KEY CONCEPTS:
- Mouse satellite DNA has evolved by duplication and mutation of a short repeating unit to give a basic repeating unit of 234 bp in which the original half, quarter, and eighth repeats can be recognized.
In the mammals, as typified by various rodents, the
sequences comprising each satellite show appreciable divergence between tandem
repeats. Common short sequences can be recognized by their preponderance among
the oligonucleotide fragments released by chemical or enzymatic treatment.
However, the predominant short sequence usually accounts for only a small
minority of the copies. The other short sequences are related to the predominant
sequence by a variety of substitutions, deletions, and insertions.
But a series of these variants of the short unit can
constitute a longer repeating unit that is itself repeated in tandem with some
variation.
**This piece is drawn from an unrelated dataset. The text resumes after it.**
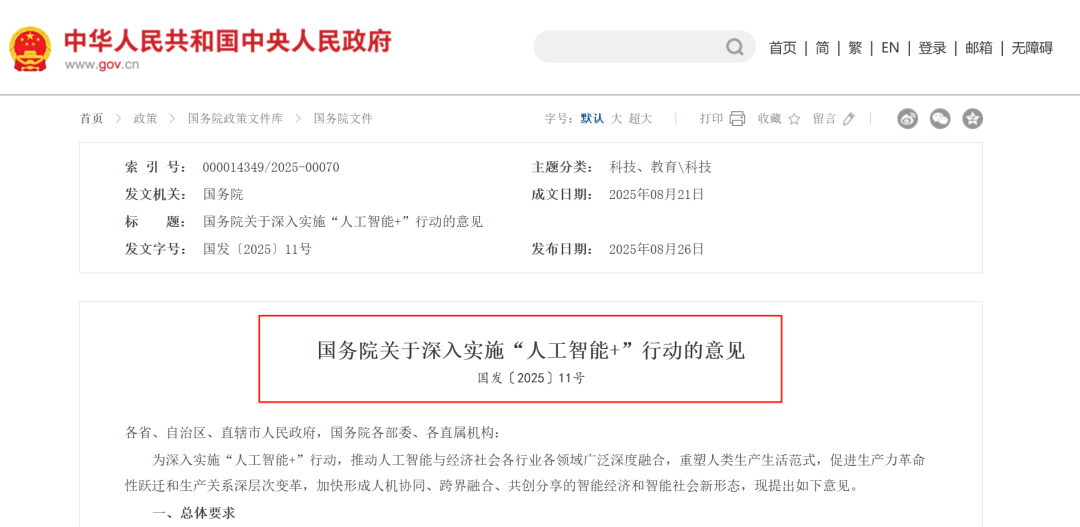 近日,《國(guó)務(wù)院關(guān)于深入實(shí)施“人工智能+”行動(dòng)的意見(jiàn)》(以下簡(jiǎn)稱《意見(jiàn)》)正式對(duì)外發(fā)布,引起極大關(guān)注。近年,不少AI相關(guān)政策或綱領(lǐng)已陸續(xù)出臺(tái),這份文件到底有什么特別的分量,和企業(yè)又有什么關(guān)系?本文將與您一同解讀本次發(fā)布。

So mammalian satellite DNAs are constructed from a hierarchy of
repeating units. These longer repeating units constitute the sequences that
renature in reassociation analysis. They can also be recognized by digestion
with restriction enzymes.
When any satellite DNA is digested with an enzyme that has a
recognition site in its repeating unit, one fragment will be obtained for every
repeating unit in which the site occurs. In fact, when the DNA of a eukaryotic
genome is digested with a restriction enzyme, most of it gives a general smear,
due to the random distribution of cleavage sites. But satellite DNA generates
sharp bands, because a large number of fragments of identical or almost
identical size are created by cleavage at restriction sites that lie a regular
distance apart.
Determining the sequence of satellite DNA can be difficult.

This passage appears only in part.